Abstract
Understanding the role of lipids in synapses and the aberrant molecular mechanisms causing the cognitive deficits that characterize most lipidosis is necessary to develop therapies for these diseases. Here we describe sphingomyelin (SM) as a key modulator of the dendritic spine actin cytoskeleton. We show that increased SM levels in neurons of acid sphingomyelinase knock out mice (ASMko), which mimic Niemann Pick disease type A (NPA), result in reduced spine number and size and low levels of filamentous actin. Mechanistically, SM accumulation decreases the levels of metabotropic glutamate receptors type I (mGluR1/5) at the synaptic membrane impairing membrane attachment and activity of RhoA and its effectors ROCK and ProfilinIIa. Pharmacological enhancement of the neutral sphingomyelinase rescues the aberrant molecular and morphological phenotypes in vitro and in vivo and improves motor and memory deficits in ASMko mice. Altogether, these data demonstrate the influence of SM and its catabolic enzymes in dendritic spine physiology and contribute to our understanding of the cognitive deficits of NPA patients, opening new perspectives for therapeutic interventions.Subject Categories Genetics, Gene Therapy & Genetic Disease; Neuroscience
Highlights
Alterations in dendritic spines, protrusions at the postsynaptic membrane that receive most of the excitatory input in the central nervous system (Yuste & Tank, 1996), have been related to many cognitive disorders (Carlisle & Kennedy, 2005)

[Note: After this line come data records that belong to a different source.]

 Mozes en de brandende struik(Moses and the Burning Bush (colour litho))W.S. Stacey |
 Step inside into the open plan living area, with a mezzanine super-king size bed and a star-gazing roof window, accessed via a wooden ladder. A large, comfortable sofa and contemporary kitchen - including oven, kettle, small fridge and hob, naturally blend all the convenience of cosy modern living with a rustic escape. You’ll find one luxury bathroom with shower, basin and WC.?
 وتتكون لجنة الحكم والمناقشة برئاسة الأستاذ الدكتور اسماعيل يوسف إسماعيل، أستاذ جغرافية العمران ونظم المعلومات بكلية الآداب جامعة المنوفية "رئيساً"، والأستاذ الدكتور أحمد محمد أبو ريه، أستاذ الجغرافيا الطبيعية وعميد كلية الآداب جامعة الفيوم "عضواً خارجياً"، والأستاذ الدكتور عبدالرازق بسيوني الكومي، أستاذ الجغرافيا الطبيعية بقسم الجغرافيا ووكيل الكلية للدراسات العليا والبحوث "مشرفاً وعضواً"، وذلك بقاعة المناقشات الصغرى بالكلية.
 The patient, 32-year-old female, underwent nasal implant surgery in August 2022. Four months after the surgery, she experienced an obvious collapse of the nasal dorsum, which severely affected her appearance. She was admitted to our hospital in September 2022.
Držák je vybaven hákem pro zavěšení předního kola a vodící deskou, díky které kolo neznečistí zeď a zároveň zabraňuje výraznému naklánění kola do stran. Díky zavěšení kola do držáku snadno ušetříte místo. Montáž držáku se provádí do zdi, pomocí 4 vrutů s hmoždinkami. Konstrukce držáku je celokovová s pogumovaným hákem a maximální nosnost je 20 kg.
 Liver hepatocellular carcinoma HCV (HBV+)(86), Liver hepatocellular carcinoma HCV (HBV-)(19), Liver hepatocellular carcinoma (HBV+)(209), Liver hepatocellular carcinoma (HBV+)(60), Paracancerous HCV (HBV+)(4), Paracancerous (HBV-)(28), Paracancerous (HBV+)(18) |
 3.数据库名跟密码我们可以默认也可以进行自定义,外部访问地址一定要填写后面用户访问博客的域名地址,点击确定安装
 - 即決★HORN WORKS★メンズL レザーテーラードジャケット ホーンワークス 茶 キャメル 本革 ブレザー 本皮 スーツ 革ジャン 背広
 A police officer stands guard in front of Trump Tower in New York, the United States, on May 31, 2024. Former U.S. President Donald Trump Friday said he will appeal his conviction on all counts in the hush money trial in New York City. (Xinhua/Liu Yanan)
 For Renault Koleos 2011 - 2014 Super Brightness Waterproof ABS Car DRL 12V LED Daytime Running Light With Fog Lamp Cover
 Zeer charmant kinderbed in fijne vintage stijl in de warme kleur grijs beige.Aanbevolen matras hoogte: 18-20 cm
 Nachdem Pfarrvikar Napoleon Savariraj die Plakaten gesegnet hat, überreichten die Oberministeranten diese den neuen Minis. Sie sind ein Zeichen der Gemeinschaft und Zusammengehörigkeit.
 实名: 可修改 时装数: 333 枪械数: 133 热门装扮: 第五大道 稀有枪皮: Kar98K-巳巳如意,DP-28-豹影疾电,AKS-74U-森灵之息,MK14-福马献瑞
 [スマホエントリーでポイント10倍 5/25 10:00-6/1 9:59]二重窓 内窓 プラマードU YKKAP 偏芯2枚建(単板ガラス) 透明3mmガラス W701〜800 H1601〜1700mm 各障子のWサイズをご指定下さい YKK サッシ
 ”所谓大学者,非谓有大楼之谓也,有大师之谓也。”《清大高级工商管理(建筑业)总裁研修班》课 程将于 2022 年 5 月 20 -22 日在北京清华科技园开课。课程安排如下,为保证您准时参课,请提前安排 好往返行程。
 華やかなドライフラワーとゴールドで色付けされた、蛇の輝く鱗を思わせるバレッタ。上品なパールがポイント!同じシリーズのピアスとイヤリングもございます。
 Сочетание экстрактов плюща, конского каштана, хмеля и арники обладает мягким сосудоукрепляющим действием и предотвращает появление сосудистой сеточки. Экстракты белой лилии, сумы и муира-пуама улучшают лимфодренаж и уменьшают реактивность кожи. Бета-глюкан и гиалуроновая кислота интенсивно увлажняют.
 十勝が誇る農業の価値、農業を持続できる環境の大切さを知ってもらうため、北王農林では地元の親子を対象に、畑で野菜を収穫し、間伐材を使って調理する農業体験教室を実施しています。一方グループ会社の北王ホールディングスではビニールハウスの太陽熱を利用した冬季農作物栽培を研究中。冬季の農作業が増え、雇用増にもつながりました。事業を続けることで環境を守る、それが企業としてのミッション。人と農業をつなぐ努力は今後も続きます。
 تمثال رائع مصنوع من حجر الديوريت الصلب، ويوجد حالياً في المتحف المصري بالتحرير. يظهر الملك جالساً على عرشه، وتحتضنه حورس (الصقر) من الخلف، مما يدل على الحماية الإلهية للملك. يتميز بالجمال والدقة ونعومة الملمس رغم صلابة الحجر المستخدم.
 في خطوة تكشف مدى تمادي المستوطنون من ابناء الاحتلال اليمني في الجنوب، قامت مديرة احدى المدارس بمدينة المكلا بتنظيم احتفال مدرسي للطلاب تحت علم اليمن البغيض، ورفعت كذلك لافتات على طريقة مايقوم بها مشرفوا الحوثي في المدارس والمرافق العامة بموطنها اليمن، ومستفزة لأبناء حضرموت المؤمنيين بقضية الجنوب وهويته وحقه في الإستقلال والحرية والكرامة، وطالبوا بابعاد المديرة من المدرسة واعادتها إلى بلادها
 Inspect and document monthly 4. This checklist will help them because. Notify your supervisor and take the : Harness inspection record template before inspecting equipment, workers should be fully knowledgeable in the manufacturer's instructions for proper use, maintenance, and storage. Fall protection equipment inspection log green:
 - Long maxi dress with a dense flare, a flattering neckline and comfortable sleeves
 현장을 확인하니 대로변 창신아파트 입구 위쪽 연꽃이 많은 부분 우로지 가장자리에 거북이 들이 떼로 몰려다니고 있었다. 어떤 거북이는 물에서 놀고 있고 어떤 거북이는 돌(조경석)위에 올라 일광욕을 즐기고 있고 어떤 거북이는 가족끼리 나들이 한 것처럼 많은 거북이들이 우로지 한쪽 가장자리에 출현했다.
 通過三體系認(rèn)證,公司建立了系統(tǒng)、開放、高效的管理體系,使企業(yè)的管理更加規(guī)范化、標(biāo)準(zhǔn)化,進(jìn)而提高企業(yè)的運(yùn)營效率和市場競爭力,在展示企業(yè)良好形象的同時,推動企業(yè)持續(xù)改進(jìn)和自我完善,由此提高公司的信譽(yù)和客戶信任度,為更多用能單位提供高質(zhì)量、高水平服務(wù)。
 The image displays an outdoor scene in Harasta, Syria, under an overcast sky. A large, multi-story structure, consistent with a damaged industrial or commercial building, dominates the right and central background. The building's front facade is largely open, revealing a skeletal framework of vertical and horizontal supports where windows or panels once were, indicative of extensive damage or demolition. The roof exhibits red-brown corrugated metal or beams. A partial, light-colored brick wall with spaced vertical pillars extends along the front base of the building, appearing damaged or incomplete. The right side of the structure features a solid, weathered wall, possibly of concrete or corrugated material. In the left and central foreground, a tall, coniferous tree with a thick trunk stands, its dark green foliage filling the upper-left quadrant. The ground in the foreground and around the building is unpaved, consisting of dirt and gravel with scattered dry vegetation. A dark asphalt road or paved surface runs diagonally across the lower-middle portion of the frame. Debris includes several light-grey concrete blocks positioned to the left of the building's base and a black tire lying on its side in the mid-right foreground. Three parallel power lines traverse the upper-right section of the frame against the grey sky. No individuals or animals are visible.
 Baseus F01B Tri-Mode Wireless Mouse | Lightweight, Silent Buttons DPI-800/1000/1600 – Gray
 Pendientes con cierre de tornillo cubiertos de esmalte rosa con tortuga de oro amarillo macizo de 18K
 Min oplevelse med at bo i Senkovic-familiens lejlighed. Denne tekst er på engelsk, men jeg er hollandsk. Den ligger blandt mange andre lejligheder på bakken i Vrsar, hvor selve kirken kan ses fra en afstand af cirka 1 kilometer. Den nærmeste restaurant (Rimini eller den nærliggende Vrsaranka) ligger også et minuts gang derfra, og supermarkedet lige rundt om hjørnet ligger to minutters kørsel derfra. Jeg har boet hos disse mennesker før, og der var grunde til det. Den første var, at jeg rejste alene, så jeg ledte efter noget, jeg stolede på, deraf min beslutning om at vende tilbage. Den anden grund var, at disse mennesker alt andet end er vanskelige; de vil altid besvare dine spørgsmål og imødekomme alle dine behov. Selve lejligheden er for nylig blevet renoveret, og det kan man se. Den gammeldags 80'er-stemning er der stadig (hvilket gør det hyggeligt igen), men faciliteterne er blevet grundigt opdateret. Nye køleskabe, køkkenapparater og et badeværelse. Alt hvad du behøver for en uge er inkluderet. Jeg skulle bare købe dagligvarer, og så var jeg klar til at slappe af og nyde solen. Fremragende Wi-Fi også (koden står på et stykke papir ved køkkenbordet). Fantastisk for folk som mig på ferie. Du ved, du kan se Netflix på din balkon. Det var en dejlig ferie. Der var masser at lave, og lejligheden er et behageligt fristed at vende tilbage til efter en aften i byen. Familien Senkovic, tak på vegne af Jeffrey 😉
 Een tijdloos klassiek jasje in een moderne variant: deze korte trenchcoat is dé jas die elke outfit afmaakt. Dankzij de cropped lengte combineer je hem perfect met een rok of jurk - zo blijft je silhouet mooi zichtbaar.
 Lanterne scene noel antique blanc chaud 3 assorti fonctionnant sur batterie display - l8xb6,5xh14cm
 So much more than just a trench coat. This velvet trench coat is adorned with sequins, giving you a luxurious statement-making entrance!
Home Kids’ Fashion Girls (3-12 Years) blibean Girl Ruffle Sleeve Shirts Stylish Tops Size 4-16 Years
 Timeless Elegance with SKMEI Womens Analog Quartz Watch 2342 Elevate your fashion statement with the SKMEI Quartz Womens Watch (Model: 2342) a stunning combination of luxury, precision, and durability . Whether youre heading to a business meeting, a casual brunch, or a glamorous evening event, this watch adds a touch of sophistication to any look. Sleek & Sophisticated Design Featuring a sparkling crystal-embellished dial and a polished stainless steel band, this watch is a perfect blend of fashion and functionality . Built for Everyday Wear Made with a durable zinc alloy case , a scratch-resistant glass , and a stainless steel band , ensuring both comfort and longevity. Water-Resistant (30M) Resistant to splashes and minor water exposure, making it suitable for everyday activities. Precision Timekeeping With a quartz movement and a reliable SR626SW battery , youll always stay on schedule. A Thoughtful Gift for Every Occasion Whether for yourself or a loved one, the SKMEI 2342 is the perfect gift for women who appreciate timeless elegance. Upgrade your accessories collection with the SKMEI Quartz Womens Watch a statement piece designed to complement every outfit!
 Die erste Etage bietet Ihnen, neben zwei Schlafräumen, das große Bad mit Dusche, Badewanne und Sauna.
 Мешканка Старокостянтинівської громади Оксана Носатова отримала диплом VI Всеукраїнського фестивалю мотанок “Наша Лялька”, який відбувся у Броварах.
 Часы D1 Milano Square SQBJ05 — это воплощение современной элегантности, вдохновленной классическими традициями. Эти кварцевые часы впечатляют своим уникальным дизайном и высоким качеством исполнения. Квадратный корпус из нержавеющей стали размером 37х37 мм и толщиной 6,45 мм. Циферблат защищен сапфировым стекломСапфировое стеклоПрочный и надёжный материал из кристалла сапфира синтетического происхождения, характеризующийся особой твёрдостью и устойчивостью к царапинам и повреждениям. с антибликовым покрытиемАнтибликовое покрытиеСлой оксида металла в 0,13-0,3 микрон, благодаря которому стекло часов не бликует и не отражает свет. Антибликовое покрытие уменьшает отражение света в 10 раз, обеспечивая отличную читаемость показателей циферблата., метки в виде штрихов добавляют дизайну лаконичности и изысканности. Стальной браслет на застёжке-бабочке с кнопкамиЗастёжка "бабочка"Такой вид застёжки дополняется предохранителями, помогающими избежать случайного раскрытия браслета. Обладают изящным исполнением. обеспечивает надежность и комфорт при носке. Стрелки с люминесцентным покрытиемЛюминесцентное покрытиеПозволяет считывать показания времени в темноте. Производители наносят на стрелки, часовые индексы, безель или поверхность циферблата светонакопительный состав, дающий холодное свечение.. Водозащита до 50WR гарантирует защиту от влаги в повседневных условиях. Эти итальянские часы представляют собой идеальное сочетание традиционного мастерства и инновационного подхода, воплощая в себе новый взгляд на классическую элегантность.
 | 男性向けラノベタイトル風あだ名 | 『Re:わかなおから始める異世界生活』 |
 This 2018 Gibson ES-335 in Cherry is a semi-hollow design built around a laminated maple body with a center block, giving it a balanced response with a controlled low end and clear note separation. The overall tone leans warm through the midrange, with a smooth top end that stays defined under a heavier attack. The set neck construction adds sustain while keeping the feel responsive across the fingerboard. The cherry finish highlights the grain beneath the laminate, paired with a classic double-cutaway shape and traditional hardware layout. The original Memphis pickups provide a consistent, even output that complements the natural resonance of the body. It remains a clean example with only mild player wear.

The number of spines identified with DiI labelling per micrometer of dendrite length was significantly reduced in the layer 1 (L1) of the S1 cortex of acid sphingomyelinase knock out mice (ASMko) brains compared to wt
The work presented here makes three main contributions: (i) describes the aberrant phenotype of dendritic spines in the ASMko mouse, which is a model for Niemann Pick disease type A (NPA); (ii) characterizes the molecular mechanism underlying this aberrant phenotype; (iii) provides with pharmacological strategies to revert the anomalies in vitro and in vivo
Summary
Alterations in dendritic spines, protrusions at the postsynaptic membrane that receive most of the excitatory input in the central nervous system (Yuste & Tank, 1996), have been related to many cognitive disorders (Carlisle & Kennedy, 2005). Much less is known about the role of lipids in these processes. This is especially relevant considering that the remodelling of the postsynaptic membrane, of which lipids are major components, is as remarkable as that of the underlying cytoskeleton in spine plasticity. Further support for a key role of lipids in spine dynamics comes from the fact that genetic defects affecting lipid metabolism, and leading to lipidosis, frequently cause cognitive impairment (Futermann & Van Meer, 2004)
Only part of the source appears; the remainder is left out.